Ꮯhᥲρtꫀɾ Ⲋꫀꪑᖯเᥣᥲᥒ

5.3K 518 30
                                    

Tekan bintang di pojok kiri bawah sebelum membaca :)

🔪🔪🔪

Berita tentang meninggalnya sang ketua OSIS menjadi topik utama di SMA Gentara bahkan sampai ke sekolah-sekolah tetangga. Sudah tiga hari sejak jenazah ditemukan, sampai sekarang masih banyak sekali yang menangisi kepergian Gilang. Apalagi Gilang dikenal sebagai sosok yang ramah bagi semua orang.

Adiba masih sangat tidak percaya. Rasanya baru kemarin ia bercanda dengan Gilang. Ada rasa sesak dihatinya mengetahui jika Gilang sudah tidak ada di dunia.
Pria itu sangat baik sekali padanya.

Adiba hanya bisa mengikhlaskan dan mengirimkan doa untuk Gilang di sana. Adiba juga berdoa semoga saja pelakunya bisa segera terungkap.

"Kasus pembunuhan ini merupakan kasus yang pertama terjadi pada murid di SMA Permata. Sampai sekarang kita semua masih dalam keadaan berduka. Apalagi pembunuhan yang terjadi pada teman kalian sangat tragis. Ada beberapa sayatan di tubuhnya. Salah satu matanya terlepas. Di duga ada 15 tusukan di tubuh korban."
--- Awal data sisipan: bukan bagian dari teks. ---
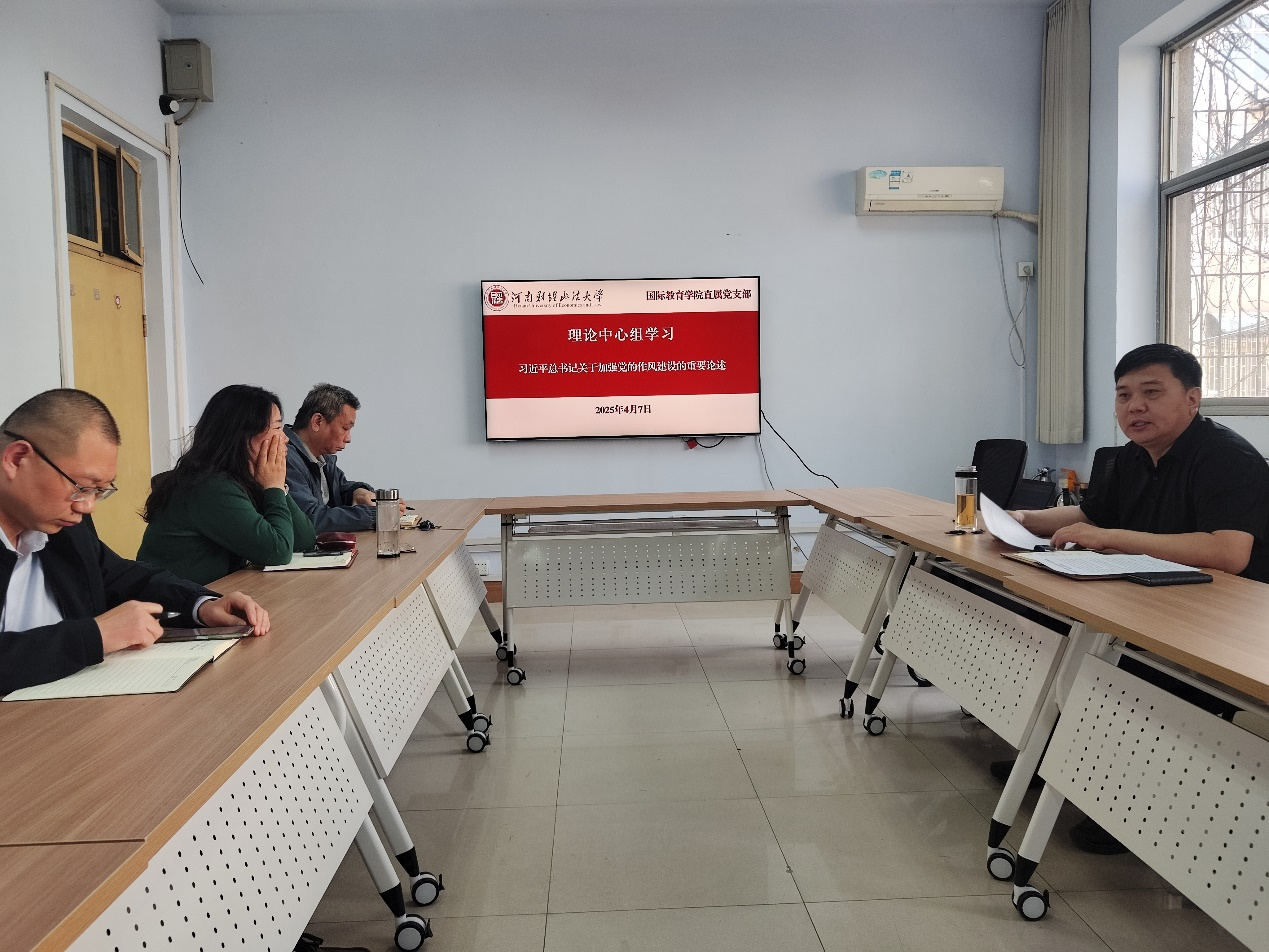 4月7日,学院直属党支部书记鲁守璞主持召开党支部理论学习中心组集体学习会议,专题学习习近平总书记关于加强党的建设的重要论述。学院直属党支部理论学习中心组成员参加。

Beberapa orang merasa mual mendengar perkataan guru tersebut. Sedangkan Atha, ia tersenyum sangat tipis nyaris tidak terlihat mendengarkan perkataan guru wanita paruh baya yang sedang mengajar di kelasnya itu.

Dalam menghitung saja sudah tidak tepat. Bukan 15 tusukan, tapi 17 tusukan.
Menghitung saja tidak becus, apalagi menemukan siapa pelakunya.

"Buk De, saya mau bertanya kira-kira kasus pembunuhan ini atas motif apa?" tanya Meysa.

Buk Dewi melihat ke arah muridnya yang bertanya.
"Motif pembunuhan ini masih belum sangat jelas. Tapi Ibu curiga jika pembunuh nya memiliki gangguan mental."

Atha mengepalkan kedua tangannya mendengarkan perkataan Buk Dewi. Ia tidak suka mendengar itu.

"Saya berharap semoga pembunuhnya segera terungkap dan mendapat hukuman yang setimpal," sahut Adiba.

Bel sekolah berbunyi, semua murid langsung berhamburan menuju ke kantin.

Atha yang sedari tadi memperhatikan Adiba sangat tidak suka melihat raut wajah gadis itu. Jelas terlihat raut menyedihkan di wajah cantik Adiba. Atha tidak suka gadis itu memikirkan pria lain, apalagi pria yang sudah meninggal.

Sepertinya Atha harus memperlihatkan sisi gelapnya pada Adiba. Ia ingin Adiba takluk padanya. Mungkin dengan itu Adiba tidak akan berani memikirkan laki-laki lain.

Atha tersenyum miring.
"Tunggu waktu mainnya," gumamnya sangat pelan tetapi bisa disadari oleh Jeno yang sedang duduk disampingnya.

🔪🔪🔪

Bel istirahat sudah berbunyi sekitar 5 menit yang lalu. Namun Atha masih setia duduk di bangkunya memperhatikan Adiba dari belakang. Gadis itu terlihat tidak bersemangat. Atha yakin pasti Adiba sedang memikirkan kematian Gilang.

Atha tidak suka itu.
Ia tidak suka jika Adiba memikirkan pria lain!

"Udah samperin, mau sampai kapan lo liatin dia." Itu suara Jeno. Akibat perkataan Atha, Jeno mencoba berusaha untuk berbicara frontal dengan tuannya.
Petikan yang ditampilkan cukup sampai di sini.